In a filing earlier in November, BNY Mellon asked the Supreme Court not to review a decision by the Second Circuit Court of Appeals from December 2014 which found that the mortgage-backed securities in question were not protected under the 1939 Trust Indenture Act (TIA). A group of union pension funds led by the Retirement Board of the Policemen’s Annuity and Benefit Fund of the City of Chicago asked the Second Circuit court to reverse that decision in September 2015, which overturned a district court’s decision that permitted the pension fund to sue BNY Mellon for failing to perform its duties as a trustee on 26 trusts with about $30 billion in balances.

The trusts in question contain pools of mortgages serviced by Countrywide Financial, which was acquired by Bank of America in 2008 and has since cost that bank billions of dollars in legal fees and settlements regarding its RMBS practices.

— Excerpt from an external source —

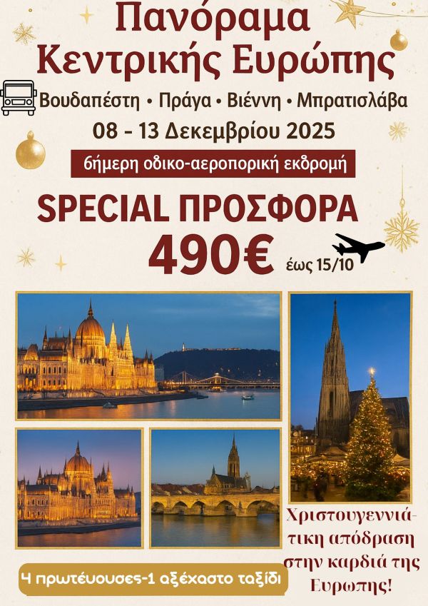 Το ταξιδιωτικό γραφείο HERMES TOURS σας προσκαλεί να ανακαλύψετε την εορταστική μαγεία τεσσάρων παραμυθένιων ευρωπαϊκών πρωτευουσών – Βιέννη, Πράγα, Βουδαπέστη και Μπρατισλάβα – μέσα από ένα προσεκτικά σχεδιασμένο οδικοαεροπορικό πακέτο.

The pension funds’ lawsuit suit claims that BNY Mellon failed in its duties as trustee with the securities because it did not intervene when Countrywide failed to perform its duties as servicer, which include reviewing loan files, repurchasing bad loans, or transferring mortgage notes to BNY Mellon. The suit alleges that BNY Mellon was negligent in its duties because it did not ensure that Countrywide performed those duties.

A district judge ruled in 2012 that the pension funds would be allowed to bring claims on 26 out of 530 trusts held by BNY Mellon which amounted to an original principal balance of approximately $424 billion. Two years later, that decision was later overturned by the Second Circuit Court of Appeals.

The pension funds allege that reversing the Second Circuit Court’s decision and allowing them to sue the bank would improve the RMBS market by improving trustee oversight of the bonds, which would lift the confidence of investors. BNY Mellon disputed that claim in its brief filed with the Supreme Court earlier this month, saying that reversing that decision would force the bank to rewrite contracts worth “trillions” that were believed to be exempt from the TIA at the time they were created. BNY Mellon said in its brief that “[N]othing could be more unsettling to investors than a ruling that, many years after the fact, retroactively changed the terms of contracts governing trillions of dollars worth of investments.”